(Beginning of Dataset records)

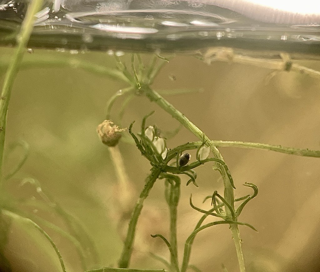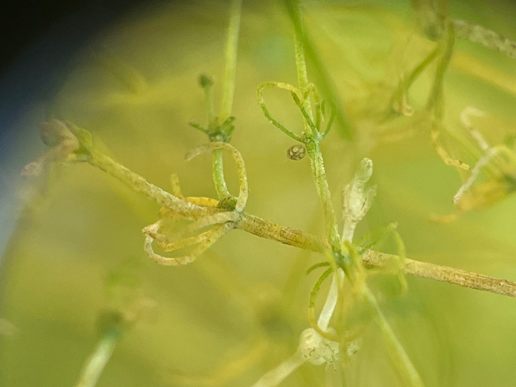 Looking through a magnifying glass (a 30mm 1.4 objective) I saw the ever-present uncontested masters of the swamp – the spotted ostracods – as well as those reddish-brown bugs that I’d seen before and resemble ticks. I was glad to see cyclops buzzing around and there are also nematodes.
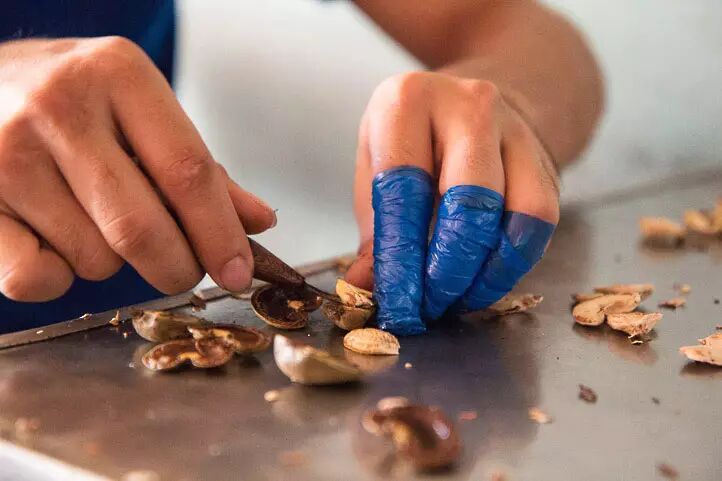在机械剥壳设备应用之前,给腰果去壳是件艰巨的任务,先要把腰果晒干,然后将它们放在火上烤,直到大部分有毒的腰果壳油散去,果壳炸裂,才能取出果仁。当然,即使有手套的保护,去壳工人也时常会受到腰果壳的毒害。
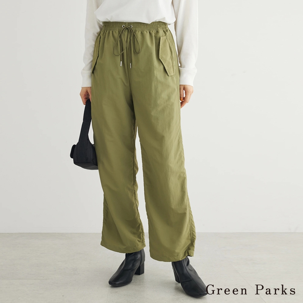 Green Parks 尼龍抽繩束口降落傘褲(6N41L0F0100)黑色F|卡其色FPantsearth music&ecology Select Store
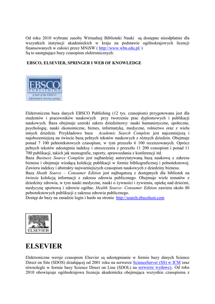 bezpośrednio przez Elsevier (np Cell i Clinics).Każdy uczestnik licencji Elsevier 2010 uzyska
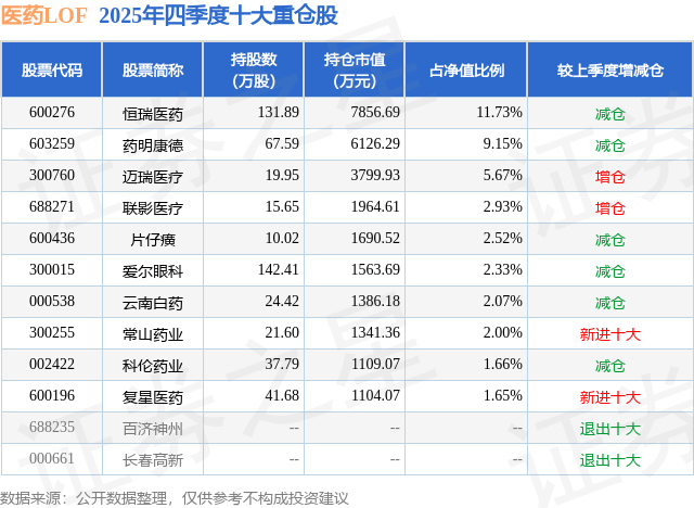 医药LOF的前十大重仓股如下:

(End of Dataset records)

Final task for the records above: print exactly the lines from the one that contains "Green Parks 尼龍抽繩束口降落傘褲(6N41L0F0100)黑色F|卡其色FPantsearth" through the last line, both ends included, pictures excluded.

 Green Parks 尼龍抽繩束口降落傘褲(6N41L0F0100)黑色F|卡其色FPantsearth music&ecology Select Store
 bezpośrednio przez Elsevier (np Cell i Clinics).Każdy uczestnik licencji Elsevier 2010 uzyska
 医药LOF的前十大重仓股如下:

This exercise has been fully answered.